Organ transplants from donors with HIV or HCV -- Another presentation at CROI reviewed encouraging results of organ transplants from HIV-positive donors to HIV-positive recipients, which is now allowed under research conditions as a result of the 2013 HIV Organ Policy Equity (HOPE) Act. Dr. Dieffenbach observed that end-stage liver and kidney disease are slightly more prevalent among people living with HIV than among the population as a whole and that waiting lists for donated organs are much larger than the available organs. According to the CROI presentation by Dr. Christine Durand of Johns Hopkins University, there are now 24 transplant centers across the U.S. with active HOPE Act research protocols; all are comparing outcomes among those with HIV-positive and HIV-negative donor organs. Across the country, 286 patients living with HIV have consented to receive an HIV-positive donor organ, and there have been 77 transplants from 22 donors. Dr. Durand also shared findings from an initial study at Hopkins of the use of organs from hepatitis C virus-infected donors for HCV-uninfected transplant candidates. In that study, the transplant team used the direct-acting antiviral agents used to treat HCV as both pre- and post-transplant prophylaxis to prevent infection in the organ recipient. At one year post-transplant, all 10 patients who underwent this process remain HCV-free. Both studies suggest innovative strategies that may be used to expand the organ donor pool. Read the presentation abstract, watch the presentation video on the CROI website.

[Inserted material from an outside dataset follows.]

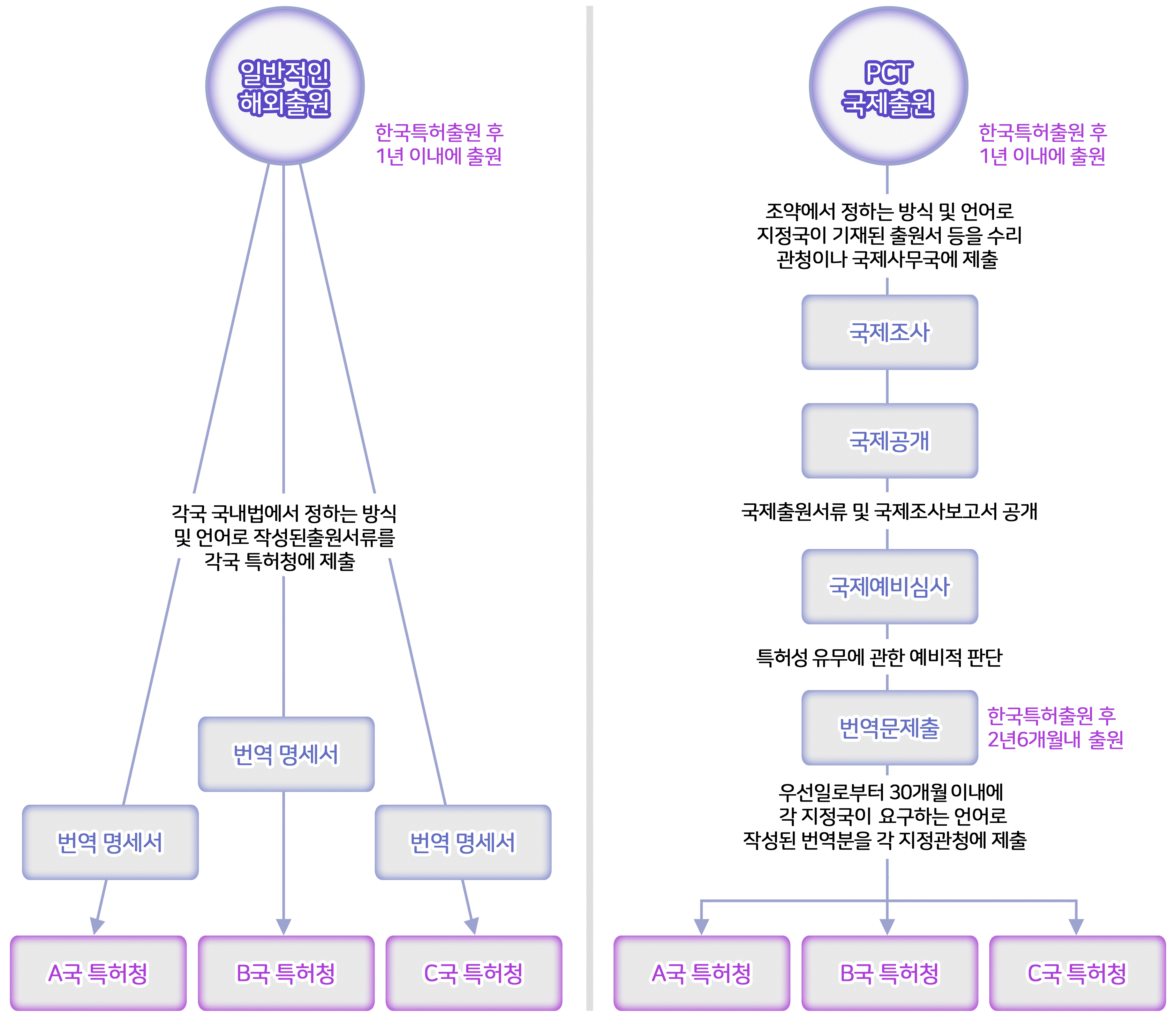 과거에는 한국에 특허출원 후, 1년 이내에 특허받고자 하는 모든
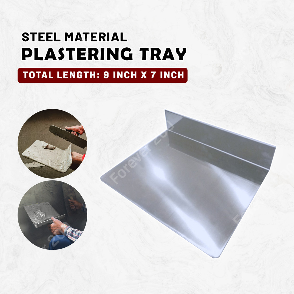 (7inch x 9inch) Plastering Tray Ceiling Work Stainless Steel L-Tray Gypsum Putty Tray Plaster Wall Flooring Tool

No evidence of ongoing HIV replication in lymph nodes during suppressive ART -- Dr. Dieffenbach also drew our attention to a study by Dr. Mary Kearney of NIH's National Cancer Institute. He explained that this is an important study because while individuals on ART are tested for detectable virus in their blood, there had been some lingering questions about whether the virus could be continuing to replicate at low levels elsewhere in the body (i.e., not in the blood). Dr. Kearney's team looked into the lymph nodes of many virally suppressed people living with HIV and found no evidence of ongoing replication. Read the study abstract or view the presentation. Among the reasons that this study is important, Dr. Dieffenbach observed, is that this data adds even more support to the understanding that someone living with HIV who is on ART and has achieved and sustains a suppressed viral load has effectively no risk of transmitting HIV to an HIV-negative partner. In the community, he observed, this is known as "undetectable equals untransmittable" or "U=U."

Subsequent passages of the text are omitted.